Even worse, it was a cowardly way to bow out.

But he approached the secret hideaway fearfully. Thirteen years of poverty and the loss of two parents he adored had left him emotionally barren. He had learned affection and self-respect from the Gormans, had found in Ben a brother figure in whom he had confided his fears and his joy.

But Isabel.

Isabel was different. Isabel had been his first love. She had awakened emotions he had never felt before. Each eagerly had surrendered their virginity to the other. She had revealed in Brodie a gentleness of spirit that both awed and terrified him.

How can I say good-bye, he wondered, when my heart aches at the thought?

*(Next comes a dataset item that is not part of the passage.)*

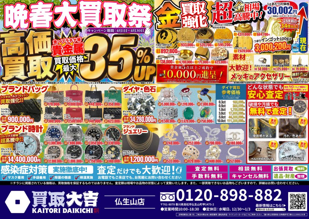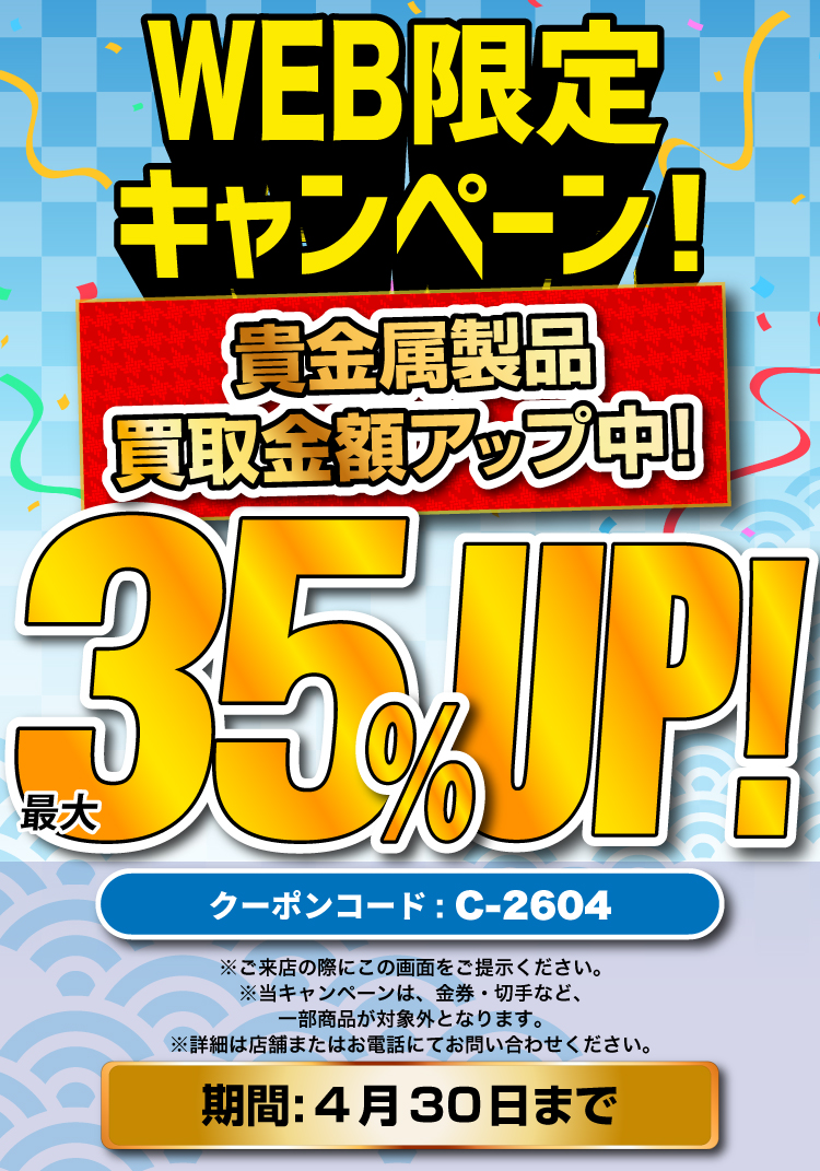 キャンペーン実施店舗 よくあるご質問 買取価格は主にどんな要素から決まるのでしょうか? お品物の状態や付属品の有無、最新相場、流通量などによって買取価格を算出します。 どんなものを買い取ってもらえますか? 金・貴金属・ブランド品はもちろん、お値段がつくか迷われているものも是非お持ちください。 傷や汚れのあるアイテムでも買取可能ですか? 大歓迎です。未使用品などのお持ち込みは少なく、傷や汚れのあるアイテムをお持ちいただく方が半数以上です。状態の悪いお品物やカビなどがあってもお買取可能なケースもございます。 どんな情報があればすぐに査定額を教えてもらえますか? お品物の名前や種類、状態、またはブランド名、型番などの情報があると、概ねの査定額をお伝えできるかと思います。 店舗での査定時間はどのくらいですか? お品物の種類や個数にもよりますが、約5分から30分ほどの査定時間となるケースが多いです。事前にある程度の査定時間をお伝えいたしますので、ご安心ください。

He knew what he had to do, knew he had to dig deep down inside himself, to reach back four years, to search for and rekindle the cynicism, the toughness, the solitude of the kid who had grown up in Eureka and who, when his mother died, had cowered alone in his bed in the corner of the laundry until Ben had come and found him and taken him to the Gorman mansion and a new life that was far beyond his wildest dreams.

Payback time.

He entered the greenhouse resolutely.

She rushed from the darkness before he was halfway to the back. She was wearing a nightgown and a silk robe covered with tiny embroidered roses.

His throat closed. He couldn’t swallow.

“Daddy told me about Mr. Eli. Isn’t it wonderful! It turned out so perfectly,” she said joyously.

She threw her arms around him, hugging him, and her hair swept his face. He kept his hands at his sides.

She stepped back and looked up at him, and saw something she had never seen before. There were tears in his eyes.